Nonlinear relationship and threshold effect analysis between ALI and NAFLD
3.4
Smoothed curve fitting was used to investigate the nonlinear relationship between ALI and NAFLD in order to identify any threshold or saturation effects. The results showed a nonlinear relationship between ALI and NAFLD [OR = 1.02, 95% CI (1.01–1.02), p < 0.0001] (Table 4). Threshold effect analysis showed that at 32.47, the positive correlation between ALI and NAFLD changed, showing an L-shaped curve. After stratifying the analysis by gender, females still had an L-shaped curve, with higher levels of ALI positively associated with the risk of NAFLD prevalence. A U-shaped curve existed in males, with a negative association between ALI and NAFLD when ALI was >40.65 (Figure 2; Table 4).
Smooth curve fitting between ALI and NAFLD. (A) The solid red line represents the smooth curve fit between the overall population variables. Blue bands represent the 95% confidence interval from the fit. (B) The red and blue bands, respectively, represent smooth curve fits between ALI and NAFLD in males and females.
Discussion
4
In this cross-sectional study involving 6,595 adults, a positive association between high ALI and the risk of NAFLD was observed. This association remained significant even after adjusting for gender, age, and race. Findings showed that each one-unit increase in ALI was associated with a 2% increase in the risk of NAFLD prevalence [OR: 1.02, 95% CI (1.01, 1.02)], and participants in the highest quartile of ALI had a 1.16-fold increase in the risk of NAFLD compared with the lowest quartile (p < 0.001).
The advanced lung cancer inflammation index was calculated as BMI*ALB/NLR. The concept of ALI was first introduced in 2013 to predict survival and inflammation levels in patients with metastatic non-small cell lung cancer (24). Subsequent studies have shown that ALI can significantly predict the prognosis of malignant diseases such as colorectal, gastric, and liver cancers (25–28). A previous study collected clinical data on 1,654 postoperative patients and found that higher ALI levels were associated with improved 1-, 3-, and 5-year survival rates, highlighting its utility in predicting post-hepatectomy outcomes (21). Beyond its applications in oncology, ALI has also shown significant predictive value for cardiovascular diseases and chronic inflammatory conditions such as rheumatoid arthritis (29, 30).

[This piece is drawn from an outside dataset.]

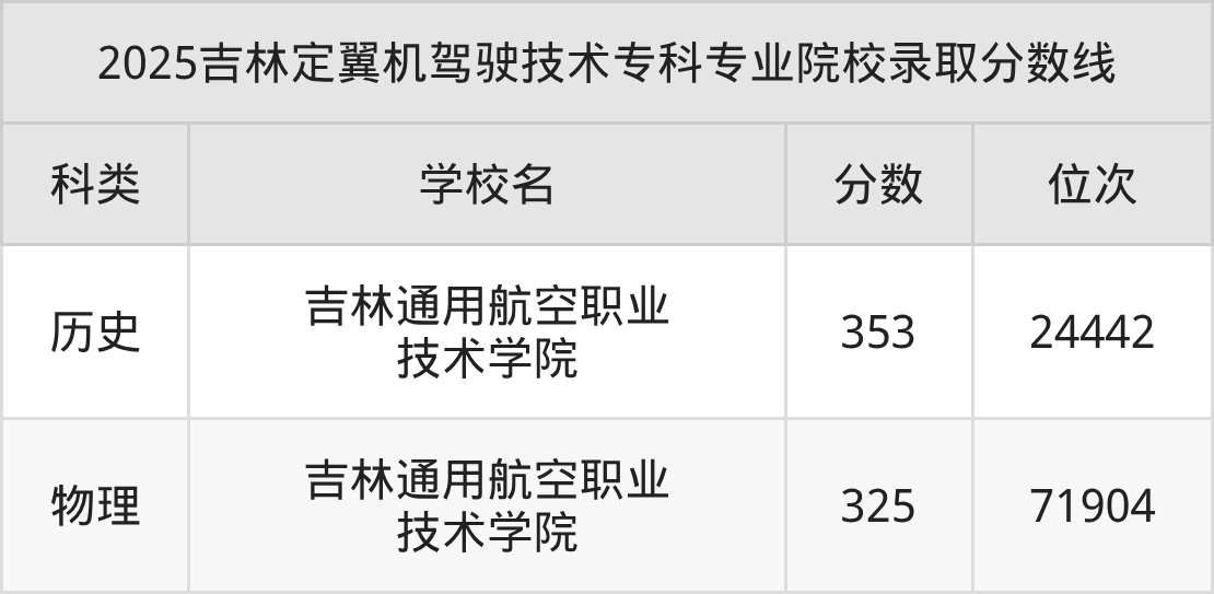 1、吉林通用航空职业技术学院:定翼机驾驶技术353分、历史类位次24442名;

The pathogenesis of NAFLD remains incompletely understood. One prominent theory posits that overnutrition drives fat accumulation in adipose tissue and ectopic sites, triggering macrophage infiltration, chronic inflammation, and insulin resistance, which disrupts the balance between lipid catabolism and synthesis (31). This metabolic dysfunction may lead to lipotoxicity, oxidative stress, and cell death (32, 33), as well as the subsequent fibrotic process (34). Another idea contends that liver-organ connections and dependencies may cause liver metabolism to become dysregulated, which would increase inflammation and aid in the progression of NAFLD (35–37). Some data suggest that gut microorganisms are significantly altered in patients with NAFLD compared to normal subjects, with a reversal of the ratio of Thickettsia to Mycobacterium and an increase in Aspergillus phylum (38). Meanwhile, bile acids play an important role in regulating the gut microbiome, which may have an impact on the degree of hepatic inflammation and fibrotic progression in NAFLD (39), however, more studies are needed to clarify this conclusion.

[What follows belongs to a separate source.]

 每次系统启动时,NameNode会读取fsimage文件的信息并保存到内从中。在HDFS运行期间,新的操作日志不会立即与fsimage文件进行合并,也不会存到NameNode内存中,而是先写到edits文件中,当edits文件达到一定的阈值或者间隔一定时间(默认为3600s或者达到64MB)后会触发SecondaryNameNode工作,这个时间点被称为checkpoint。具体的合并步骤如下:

Our findings suggest that ALI is positively associated with NAFLD prevalence, potentially due to its components: NLR, ALB, and BMI. Elevated NLR reflects systemic inflammation, which is common in NAFLD and its progression to NASH (40, 41). A cross-sectional study of 1,620 U.S. adults also linked higher NLR to increased liver fibrosis scores in NAFLD patients, consistent with our results (42). Additionally, ALB is a key marker of nutritional status and a major prognostic factor in liver disease (43). In patients with advanced cirrhosis, ALB levels decrease by 60–80%, accompanied by multiple post-translational modifications that alter its structure and functional properties (44). Our study found significantly lower ALB levels in NAFLD participants compared to the normal group (p < 0.001). From the above findings, we can infer that the ratio of ALB to NLR was reduced in NAFLD participants. Finally, numerous studies have demonstrated that higher BMI, particularly visceral obesity, contributes to hepatic fat accumulation (45). In obesity, the expansion of white adipose tissue, particularly visceral fat, results in the release of excess non-esterified fatty acids into the portal circulation. According to the portal vein theory, this process drives hepatic lipid accumulation and accelerates the development of steatosis (46). This is consistent with our findings that NAFLD participants had higher BMI values compared to non-NAFLD participants. In light of the aforementioned, we think that BMI is more important in the favorable correlation between ALI and NAFLD.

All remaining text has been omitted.